▶ _What to do_: Please count how many lines of the data include the word "князя". Give only that number in reply.

----

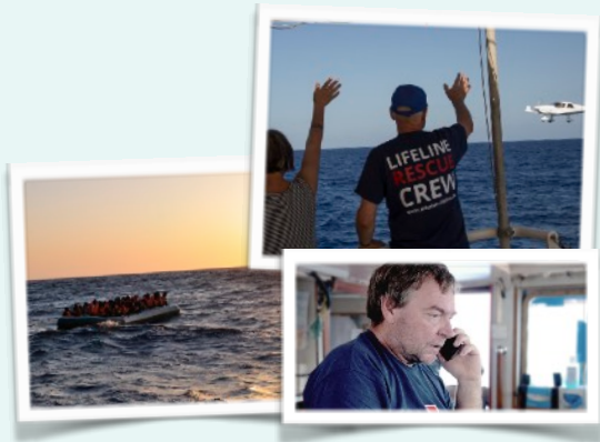
Mission Lifeline im Einsatz für die Rettung von Flüchtlingen in Seenot

Der Jurist Fritz Bauer, Anwalt und Kämpfer für die Menschenrechte, ist eine der spannendsten Persönlichkeiten der Geschichte. Als Kämpfer für Wahrheit und Gerechtigkeit machte er den SS-Mann Adolf Eichmann ausfindig, brachte Auschwitz und die NS-Justiz vor Gericht.
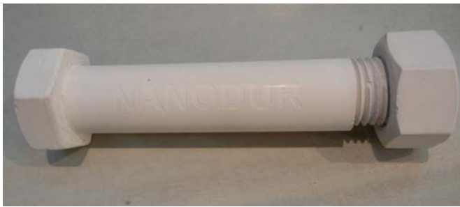
Betonschraube als Bestandteil eines Betonkanus
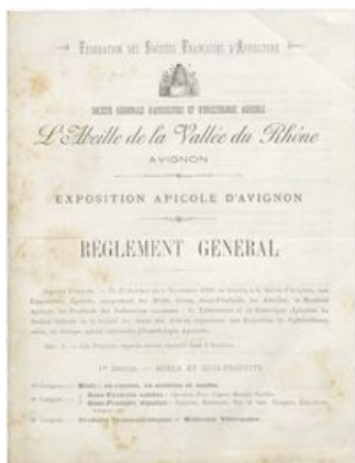
Règlement de l'exposition de 1900 du 27 octobre au 7 novembre (AD Vaucluse 7 M 23)
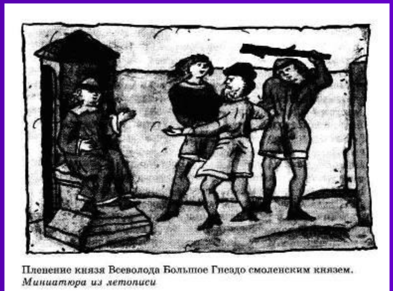
Пленение князя Всеволода Большое Гнездо смоленским князем. Миниатюра из летописи

Пленённый Всеволод у трона Смоленского князя.
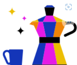
Kantine & Café- Bar
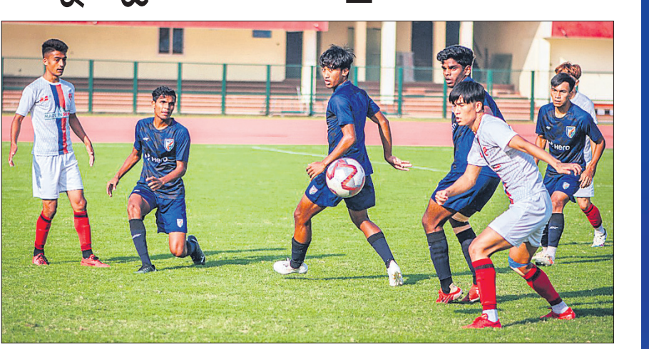
ଇଣ୍ଡିଆନ ଆରୋଲ ଓ ସିଲିନ ଦଳ ମଧ୍ୟରେ ଗୁରୁବାର ଅନୁଷ୍ଠିତ ମ୍ୟାଚ।

ଭୁବନେଶ୍ୱର, ୧୮।୧୧ (ଗ୍ରୀଡ଼ା ପ୍ରତିନିଧି) ଜାତୀୟ ପୁରୁଷ ଟୁର୍ନାମେଣ୍ଟ ସନ୍ତୋଷ ଟ୍ରଫି ପୂର୍ବରୁ ପ୍ରସ୍ତୁତି କ୍ୟାମ୍ପର ଅଂଶବିଶେଷ ଭାବେ ଓଡ଼ିଶା ସିରିଜର ପୁରୁଷ ଦଳ, ସିଲିନ ଦଳ ଏବଂ ଇଣ୍ଡିଆନ ଆରୋଲ ୧୯ ବର୍ଷରୁ କମ୍ ଭାରତୀୟ ଦଳ ମଧ୍ୟରେ ଏକ ବହୁତପୂର୍ଣ୍ଣ ତ୍ରିଦଳୀୟ ସିରିଜ କଳିଙ୍ଗ ଷ୍ଟାଡ଼ିୟମରେ ଅନୁଷ୍ଠିତ ହେଉଛି। ରାଜ୍ୟ ସରକାରଙ୍କ କ୍ରୀଡ଼ା ଓ ଯୁବ ବ୍ୟାପାର ବିଭାଗ ଏବଂ ପୁରୁଷ ଆସୋସିଏସନ ଅଫ୍ ଓଡ଼ିଶା (ଫାଓ) ଆନୁକୁଲ୍ୟରେ ଏହି ସିରିଜ ଚଳିତ ମାସ ୧୧ ତାରିଖରୁ ଆରମ୍ଭ ହୋଇଛି। ସନ୍ତୋଷ ଟ୍ରଫି ପୂର୍ବରୁ ଏହି ସିରିଜ ମଧ୍ୟରେ କୋର୍ମାନ୍ଦେ ଖେଳାଳି ଚୟନ ପାଇଁ ଦଳରେ ପରୀକ୍ଷା ନିରୀକ୍ଷା କରିବା ସହ ଯୁବ ଖେଳାଳି, ଭ୍ରମଣକାରୀ ଦଳ ଏବଂ ଓଡ଼ିଶା ଖେଳାଳିଙ୍କ କୌଶଳକୁ ପରଖିବାର ସୁଯୋଗ

----

▶ _Task output_: 2